Group name : cysg
Group members (Imperial login) : zkl14, aes414
| Use-case | Machine (g3.4xlarge or c4.8xlarge) |
|---|---|
| Stress | c4.8xlarge |
| Certify | xxx |
| Search | c4.8xlarge |
When asked for who is responsible for things, these are to gently steer marks where appropriate, e.g. for a particularly good idea. The change in marks is not great (at most 10% of this component), but is to at least try to assign some kind of individual weighting. Most ideas can genuinely be attributed to someone (even if they are then developed as a grop), and even if you are pair programming, there is someone who takes more of a lead.
Improvement : Using all cores to execute the dominant test, then execute all other tests in parallel
Initial idea : zkl14
Feasibility analysis : zkl14
Implementation : zkl14
To identify the test (DoMultinom) which took the most time, and to use 36 cores chunk the workload n into 36 taskgroups.
The statistical nature of the test allows tasks to work on the same sequence of n. The functions were also thread safe, as long as different arguments are passed to the functions.
Using 36 taskgroups sped up the DoMultinom test significantly, and is no longer the bottleneck. Hence, the remaining tests were done in parallel after the execution of the DoMultinom test. Care was taken to ensure the remaining tasks had same workloads. (see graphs).
Improvement : Executing multiple workloads/RNGs in parallel and parallelising the SmallCrush tests for the search use-case
Initial idea : aes414
Feasibility analysis : aes414
Implementation : aes414
Search-case targets a rate-based metric, so the key idea was to evaluate over multiple different RNGs in parallel and output results progressively. The 10 SmallCrush tests are arranged into 4 groups (~2.3sec/group) which are executed in parallel. This approach then allows to run 9 RNGs in parallel, utilising 36 cores.

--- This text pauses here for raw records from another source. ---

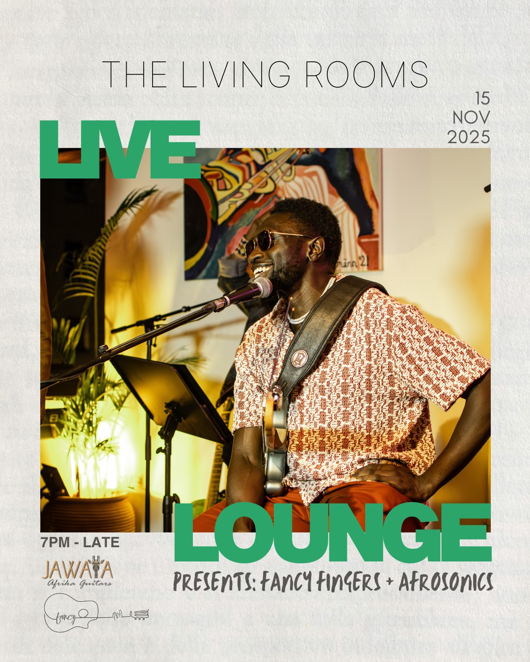 Presented by Jawaya Africa GuitarsJoin us for an intimate and deeply musical night as Fancy Fingers teams up with Afrosonics for a soul-stirring live set at The Living Rooms. Expect warm, immersive sound, lush instrumentation, and the kind of easy atmosphere that invites conversation, movement, and connection.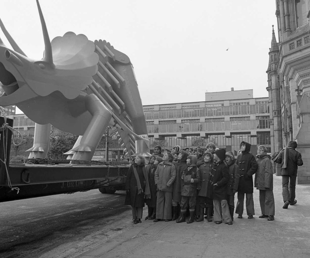 Here’s a photo by John Buchan of some local dignitaries next to the first Teessaurus, at the unveiling in February 1979.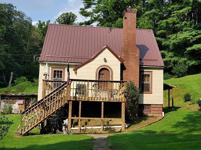 1.5 story Home with galley style Kitchen, Dining Room, living room with wood burner, two bedrooms on the main level (one without a closet) two bedrooms on the upper level, New Metal Roof, partial basement with concrete floor and electricity, home has approx. 9.94 acres, road to back of property is accessible only by 4-wheel drive.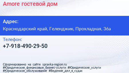 Amore, гостевой дом по адресу Краснодарский край, Геленджик, Прохладная, 36а в дальнейшем Организация, размещена в следующих категориях:

Parallelising over RNGs allows to complete multiple RNGs in the same time interval. Then grouping and executing the SmallCrush tests in parallel reduces the time taken to finish each RNG test. There is a trade-off between the two. Executing many slow RNGs in parallel is like stalling a “pipeline”.

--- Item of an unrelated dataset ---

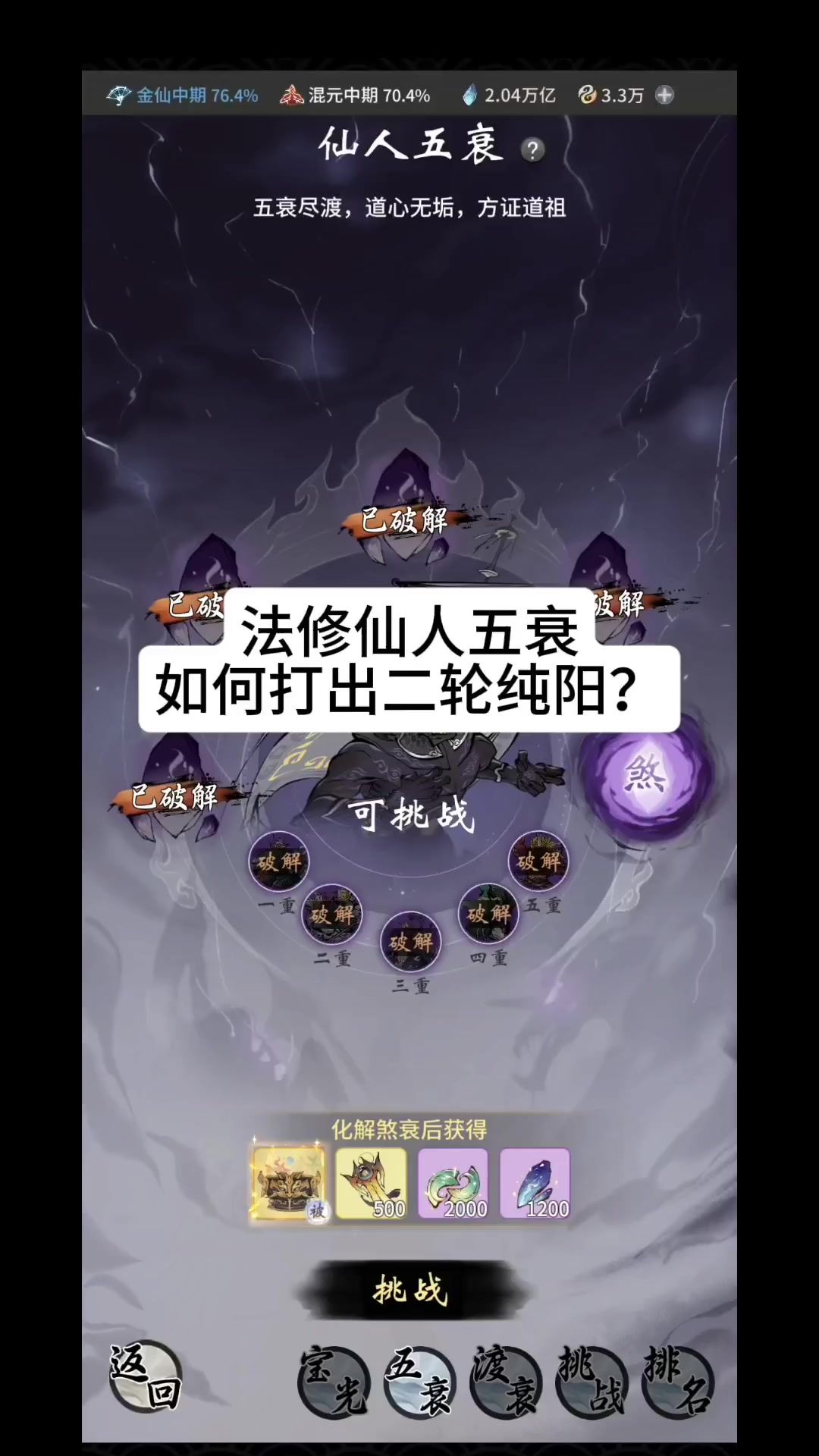 法修仙人五衰如何打出二轮纯阳?

Best configuration was having 9 different RNGs in parallel and executing the 10 SmallCrush tests in 4 task_groups. This resulted in executing, on average, 3 RNGs/sec. Configuration results in 3sec gap between printing each mini-batch of RNGs. Having more RNGs in parallel increases this gap which stalls the process significantly.
These can include API changes, restructuring, moving to a different platform, ...
Initial idea : zkl14
The remaining tests aside from the DoMultinom test were grouped into 5 workgroups that took approximately the same time to execute. More parallelism could be achieved using the other 31 cores.
Simple in concept, but need to ensure that the grainsize is not too small, and that the taskgroups have equal work, which can be laborious in terms of testing.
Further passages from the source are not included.